The log as output now contains a lot of 'human readble' text and almost full sentences, but in my experience when you are skimming a logfile manually, which for me happens a lot, it really slows you down because you constantly have to skip over the useless parts to get to the core which in this case would be values of variables.

For example:

- From line 9: x is the int 5: From is imo completely unnecessary. line could be left out as well for me, a number followed by a colon is standard enough and if you know it is a line, adding that word adds nothing to the usefulness of the log and makes for longer lines. Arguably one would rather call it an int and not the int but I'm not a native English speaker so not sure about that. It does sound weird to me though. Furthermore while I'm at it I'd leave it out all together. I would prefer something terse as 9: x int 5

- bar is the str foo at beginning of for loop at line 12 it really took a careful reading to grasp what it says. I don't immediately know what I'd pick instead, something like 12: begin for: bar str foo. Also maybe you should stick to standard Python printing as on the repl and use 'foo' in quotes so it's immediately obvious it's a string (you seem to be doing that while printing dicts?)


Excellent suggestions, will be adding format configurations next!


That being said, be careful to not make it too difficult to use.

Configurable is good, as long as there are sensible defaults that just work.


IMO good-defaults will emit text people could reliably parse/interpret/transform with other tools.

This helps keep the project simple and focused, since users with specialized needs don't need to ask you for specialized features.


I think it is unfortunate this does not support python 3. I think we have already passed a tipping point in the migration from python 2. Just look at the python 3 readiness[0]. I believe it might already be more interesting for beginners to learn python 3 over python 2 now.

All new packages should think about supporting python3, or at least be ready to support it with a lot of __future__ imports.

[0]: http://py3readiness.org/


I'm not exactly sure if it doesn't work on Python3, I had only tested it on 2.7 so it mightt (there aren't any external dependencies). I'll probably test it on Python3 and safely include that in the supported versions soon.


It wasn't too bad, looks like you had a couple of calls to xrange() (now just range()) and were using the result of a filter as a list. I've submitted a PR to add 3.4 support to it, and to add it to Travis.
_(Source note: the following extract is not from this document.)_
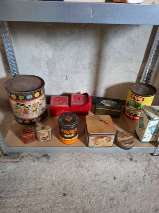 Stara limena ambalaža.Cijena je fixna i za svih 10 komada je kako i piše 50,00 eura.Pojedinačno cijena 15,00 e.Dostava prema dogovoru

I noticed a couple of minor issues and thought I'd post them here rather than making issues on github since the author is reading.

First, desugaring doesn't treat the shebang line of a file properly for executable python scripts on Linux. If the first line is, for example, '#!/usr/bin/env python', then the desugared file has three imports at the top of the file and the shebang line after those imports. It would be nice to preserve the shebang line as the first line (and maybe also to make the desugared file executable if the input file was executable).

Second, the desugaring doesn't ignore commented out lines, as I discovered on commenting out a line like

    #ps.p("my test: " + foo)
before noticing the optional label parameter. Trying to run a file with that line or desugar it results in an IndexError.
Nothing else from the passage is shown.